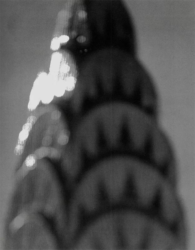 Il y a des silhouettes qui percent à travers un quasi-brouillard, des formes très vagues qui assurent une vraie présence quand même et qui font dire oui c’est bien cela, car ce qui est retenu ici c’est vraiment l’essentiel, l’esprit de la chose plus que la chose elle-même, l’essence de la chose. Tout y est, ou presque, et parfois bien au-delà aussi. La lumière qui signale, qui souligne, qui désigne, qui révèle. Des taches de lumière sur les écailles ou le rostre des flèches des gratte-ciels de New-York, Chrysler Building, Empire State Building, des convergences ou des ondes de lumière dans les nefs des églises ou des chapelles, Chiesa Rossa de Milan, Chapelle Saint Benedict de Sumvigt, des nébuleuses descendues du ciel ou des soleils accrochés au-dessus des autels, Woodland Chapel de Stockholm, Chapelle de Notre-Dame du Haut, une croix de lumière seulement pour la Chapelle de Ibaraki, lumière géométrique, comme découpée à l’emporte-pièce, portes et fenêtres intérieures du siège de D.E. Shaw and Company, vibrations des facettes de l’atrium de verre du Tokyo International Forum ou du Kunsthaus de Bregenz, Rockfeller Center saisi de nuit comme une fusée géante « Saturn » s’arrachant du sol, trois verticales de lumière, ou une large bande horizontale pour résumer la maison Schindler de West Hollywood, lumière toujours dessinant les fenêtres buccales à colonnes d’os de la Casa Batlló à Barcelone…
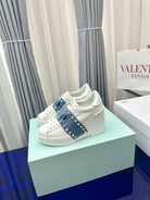 FLATFORM ROCKSTUD UNTITLED SNEAKER IN WHITE CALFSKIN MIX AEGEAN BLUE FABRIC
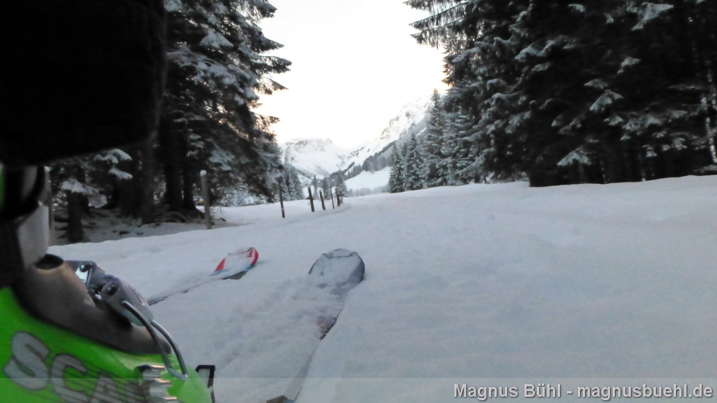 Um etwa 05:20 standen Heiko und ich am Fellhornparkplatz hinter Oberstdorf. Unsere Hoffnung, dass ab hier noch genügend Schnee im Talboden für den Aufstieg durchs Rappenalptal lag wurde bestätigt. Der Regen der Nacht und das anschließende Aufklaren hatte die dünne Altschneedecke durchfrieren lassen. Mit unseren Stirnlampen bewaffnet machten wir uns auf.
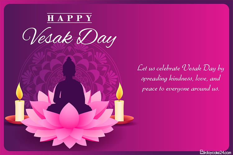 A Happy Vesak Day card design in luxurious purple and pink tones, featuring the Buddha seated on a blooming lotus, combined with warm candlelight and delicate patterns to create a serene and sacred atmosphere for Vesak. This card is perfect for sending greetings to family, friends, and colleagues, or for sharing on social media to spread positive energy and peace during the Vesak celebration.
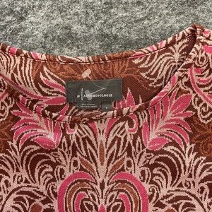 Anthropologie Women's Pink and Brown Patterned Top Size S
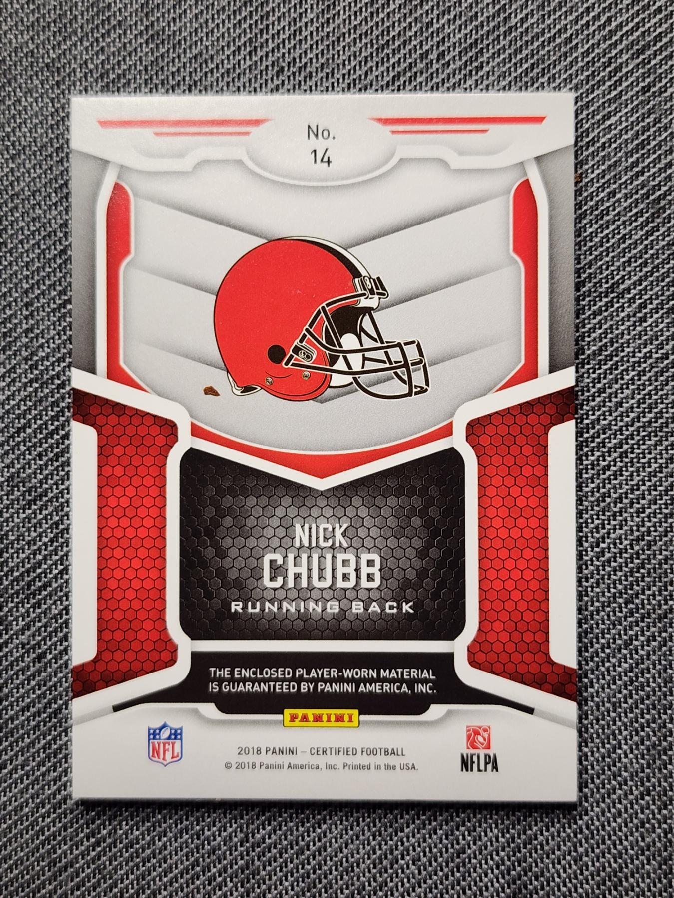 Nick Chubb Worn Material Patch Card - 2018 Panini Certified Football Trading Card No. 14
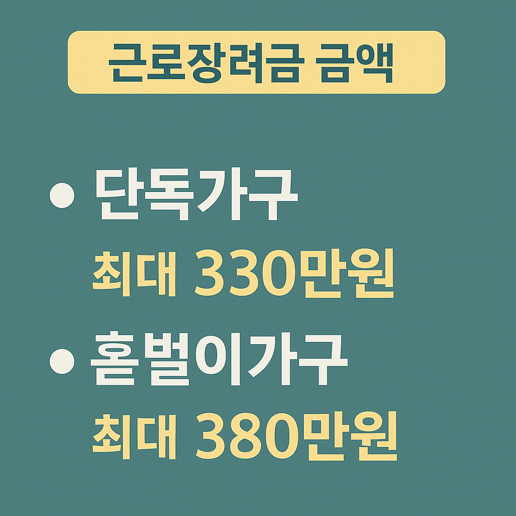 부양 자녀 수, 배우자 유무, 기타 세부 요건에 따라 실제 지급액은 달라질 수 있으며, 신청 전 국세청 홈택스의 장려금 모의 계산기를 활용해볼 것을 권장합니다.
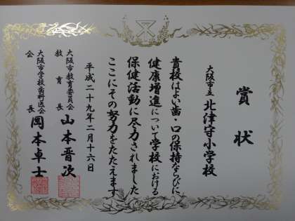 よい歯・口の保持ならびに健康増進についての学校での保健活動が認められて、下のような賞状をいただきました。
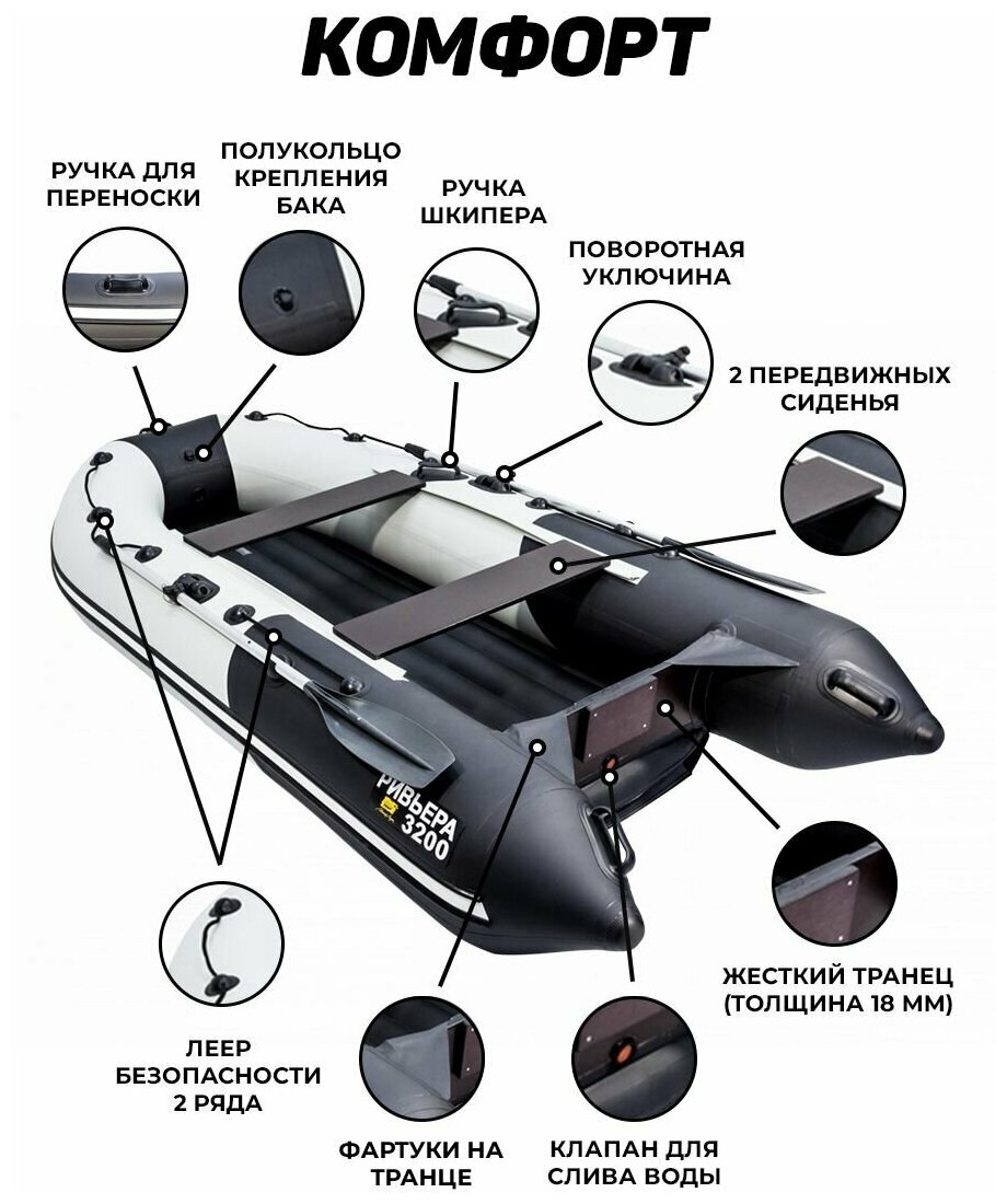 Fender; connection type: butt; balloon diameter: 42 cm; set weight: 33 kg; cockpit length: 220 cm; cockpit width: 63 cm; number of air compartments: 3; bottom material: reinforced PVC; seam type: vulcanization

• What this task involves
Return only the lines from the line containing "よい歯・口の保持ならびに健康" through the last line of the records above, both ends included, exactly as written, leaving pictures out.

• Result
 よい歯・口の保持ならびに健康増進についての学校での保健活動が認められて、下のような賞状をいただきました。
 Fender; connection type: butt; balloon diameter: 42 cm; set weight: 33 kg; cockpit length: 220 cm; cockpit width: 63 cm; number of air compartments: 3; bottom material: reinforced PVC; seam type: vulcanization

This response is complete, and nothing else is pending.